この単語の意味がわかれば、この文の意味はわかるのに。
覚えたはずなのに。
悔しいなあ。
そうして、その単語の意味を確認し、ああ、そうだった知っていたのにと感じます。
その単語は自分の語彙になるまで、あともうほんの少しです。
もう自分の語彙になっているかもしれません。
単語集の中の単語の羅列が、文章の中で生きた使われ方をした瞬間に、驚くほどすんなり頭に入ってきて忘れないことがあります。
だから、単語暗記と多読とを並行して行うことが効果的です。
重要な単語は本当に高い頻度で英文の中に出てきますので、英文を多く読めば読むほど、頭に残ります。

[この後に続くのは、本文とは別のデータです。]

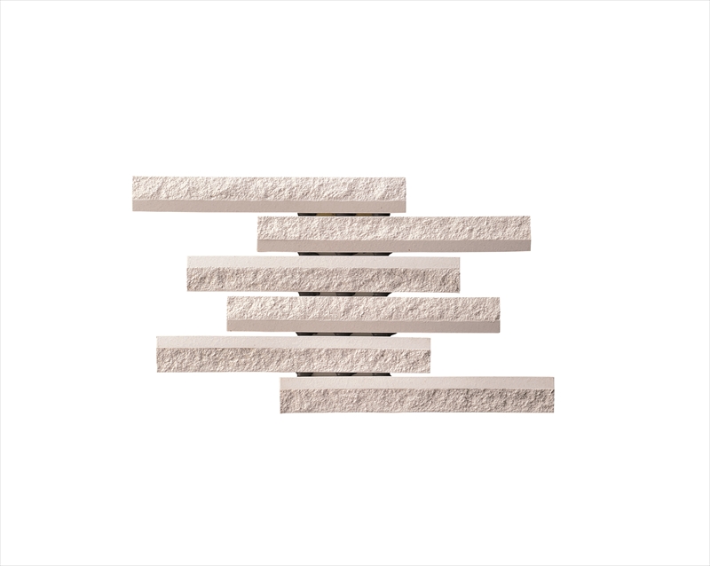 割肌とフラット面のコンビネーションが光の恩恵を生かし、壁面に輝きを与えます。 【注意事項】 ●焼きもの特有の色幅があります。 ●ボーダーユニットは細目地の間より裏ドットが見えます。 ドットの色はグレーです。 【施工上のご注意】 ●ボーダーユニットは接着剤張り工法専用製品となります。 ユニットの目地幅は縦横3mmで裏ドットユニットとなります。 ●水洗いの際、金属性ブラシのご使用は避けてください。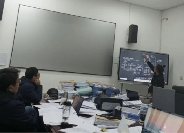 趙雪艷(左二)與同事們討論交流審計項目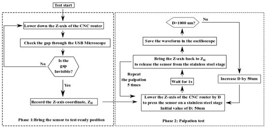 The pressing depth during palpation is one of the two primary factors affecting the output of a tactile sensor. For the sensor fabricated in Section 2, its sensitivity to the pressing depth has been tested using the procedure illustrated in Figure 6.
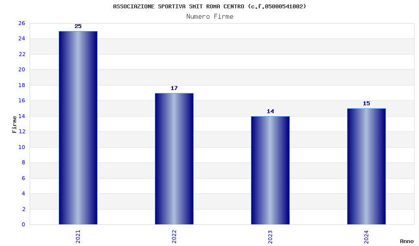| Anno | Firme | Importi | Media | Naz. | Reg. | Prov. | Comu. |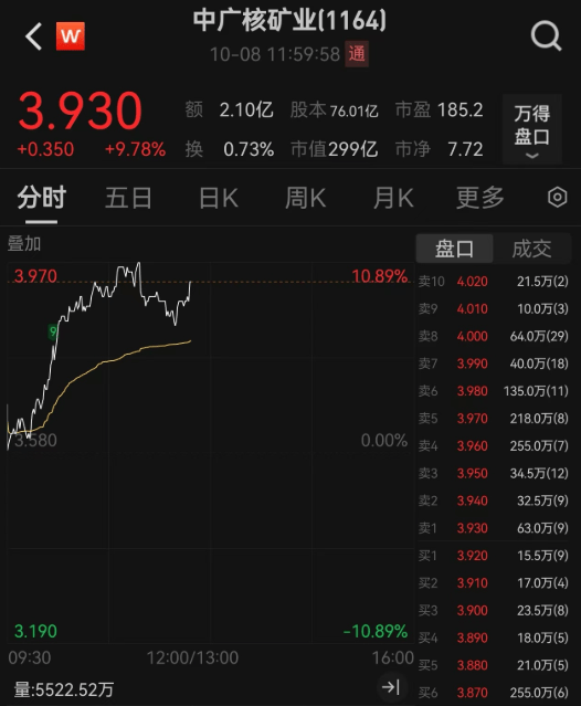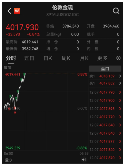 消息面上,国际金价持续上行,创历史新高。截至北京时间10月8日12:07,COMEX黄金期货上涨0.76%,报4035美元/盎司;伦敦现货黄金涨0.84%,报4017.93美元/盎司,两者盘中最高分别触及4038.7美元/盎司、4019.441美元/盎司,其中伦敦现货黄金为历史上首次升破4000美元/盎司关口。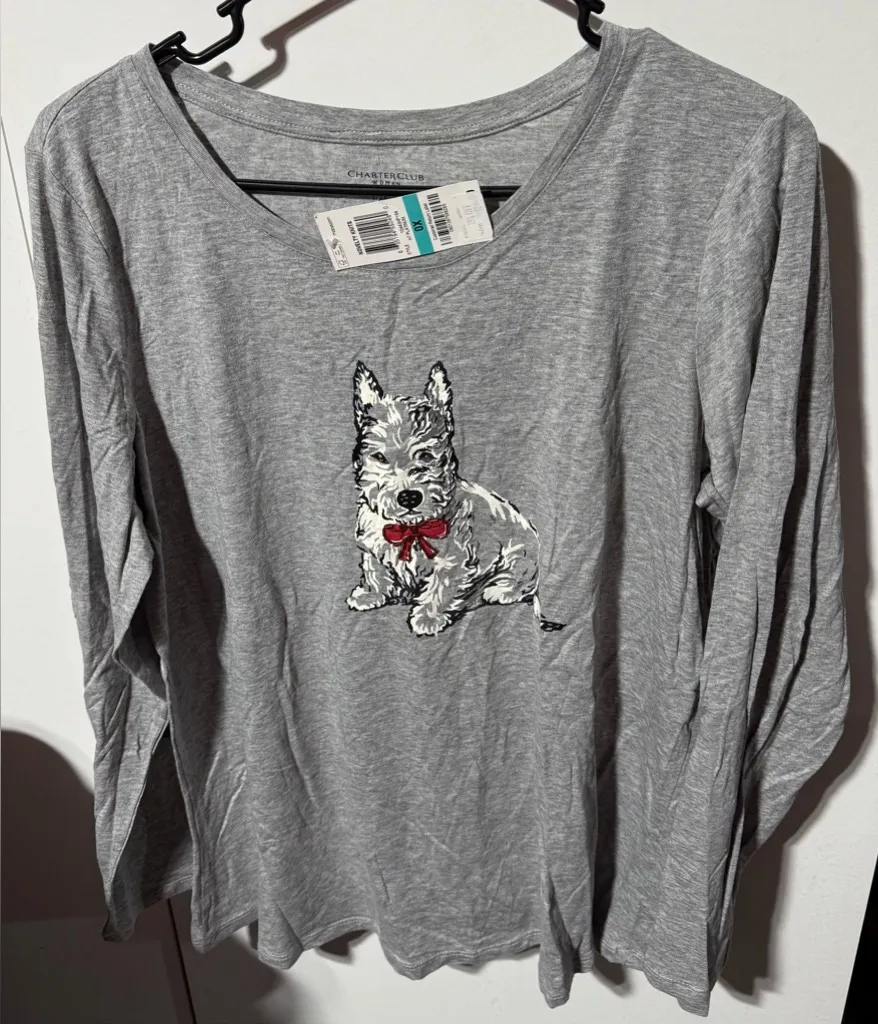 Women’s Charter Club 0X Longsleeve Tee With Dog Design Gray NWT - $15 New With Tags - From Xavier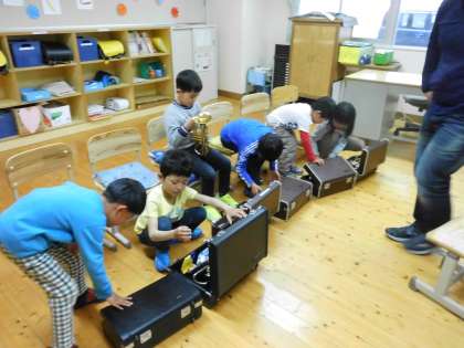 明日は第1回のわくわくバンドの練習日です。初めての1年生も参加できるように,事前練習をしました。持ち方,姿勢,構え方,吹き方を金管の先生からていねいに教えてもらいました。2年生にお手本を見せてもらって,1年生も音を出すところまでできるようになりました。片付けるときも,2年生が「楽器さん,ありがとう。」と言いながら片付けるのを真似しながら,ていねいに片付けることができました。
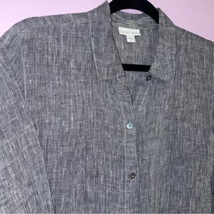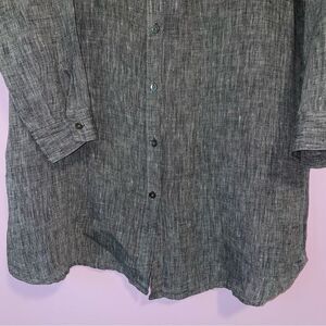 J Jill 100% Linen M Shirt in Gray Longline Lagenlook Button Collar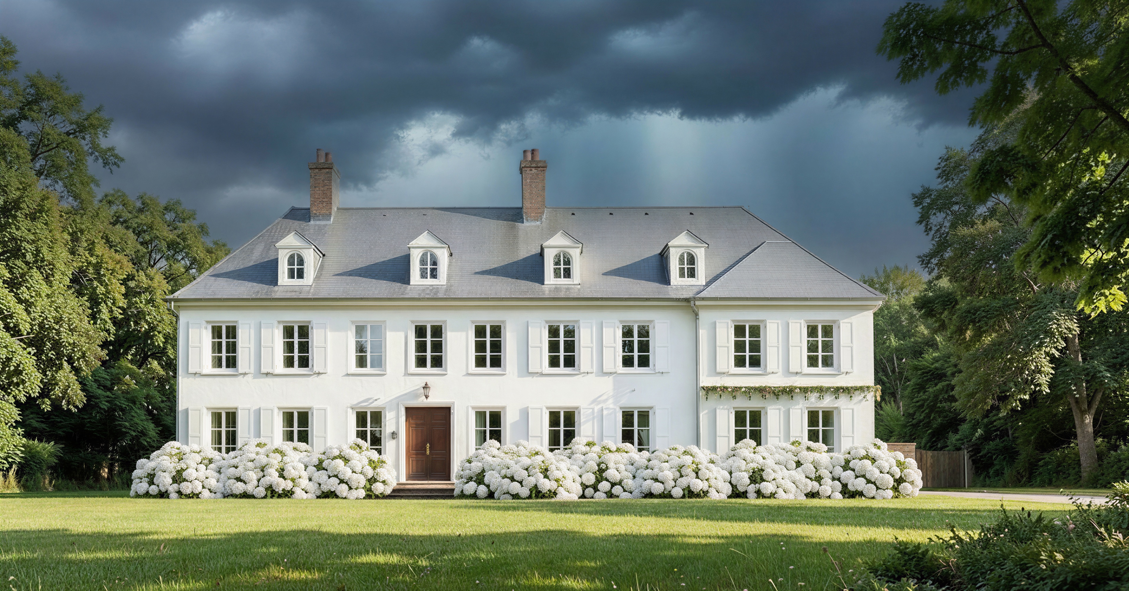 put ivy climbing around the front door and hanging from the trellis on the right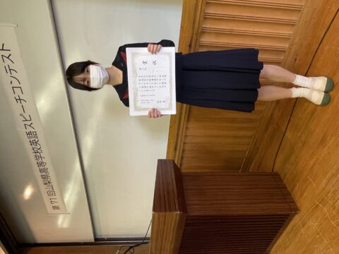 「第71回山梨県高等学校英語スピーチコンテスト」第2位入賞!
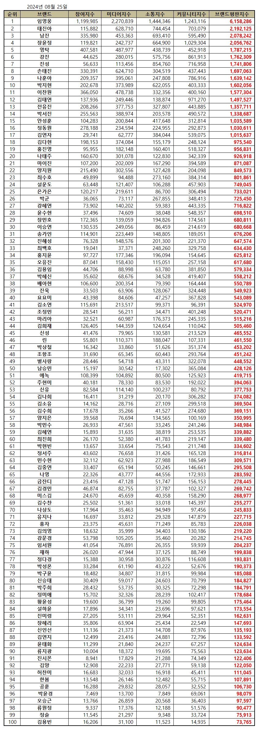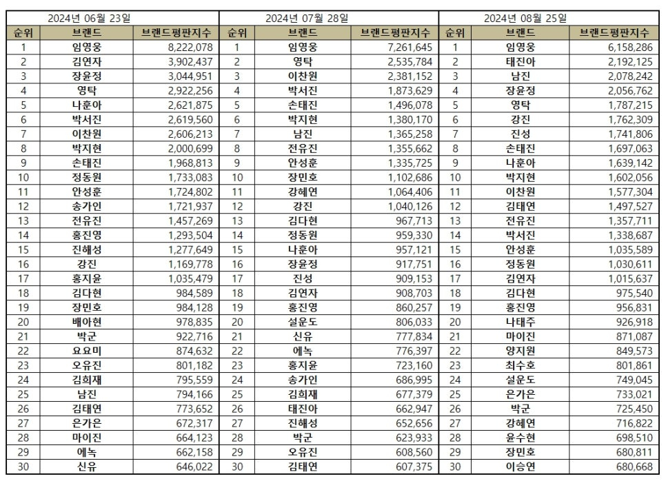 2024년 8월 트로트 가수 브랜드평판 30위 순위는 임영웅, 태진아, 남진, 장윤정, 영탁, 강진, 진성, 손태진, 나훈아, 박지현, 이찬원, 김태연, 전유진, 박서진, 안성훈, 정동원, 김연자, 김다현, 홍진영, 나태주, 마이진, 양지원, 최수호, 설운도, 은가은, 박군, 강혜연, 윤수현, 장민호, 이승연 순으로 분석됐다.

しかし、英語が苦手な高校生は、単語暗記も多読もしません。
教科書の英文だけは予習しようとしても、新出単語以外にもわからない単語が多く、いちいち辞書をひくだけで時間がかかります。
文法も苦手なので、単語の意味は調べられても、1文が長いと構造を把握できません。
関係代名詞とか分詞とか、学校の授業で説明されても、意味がわからない。
中学でちょっと勉強して終わると思っていたのに、何で毎回文章に関係代名詞とかいうのが出てくるんだろう?
全然わかんない。
教科書の予習だけでも、もう手が回らない。
そもそも英語にそんなに時間をかけていられない。
そう考えて、やがて諦めていきます。
そういう子が多いと思います。

この状態で、塾で、学校の英語の授業の予習復習を希望し、それ以外のことはやりたくないしやらないとなると、問題の解決はほとんど不可能です。
わからない単語は辞書を引かなくても教えてもらえるので、コミュ英の予習は一見順調となります。
教科書の問題を一緒に解いてくれるので、英語表現の予習も順調。
英語の予習がとりあえず楽になります。
わかってきたような気がします。
これなら、定期テストの点数も上がるかなあと本人は期待するのですが、その高校の定期テストが単語集からの出題や初見の英文の出題が多い場合、得点の伸びはあまり期待できないでしょう。
むしろ、長期的にはじりじり下がっていく可能性のほうが高いと思います。
自力で英語と対峙する機会がむしろ減っているのですから。

間口の狭い勉強にこだわっていると英語力は永遠に中学生のままです。
根本の英語力を鍛えることが必要です。
まずは単語力。
学校がせっかく与えてくれている単語集。
繰り返し繰り返し暗記してみてください。
学校が指示するよりも早く、何周でもしてください。
英語学習の間口を広げましょう。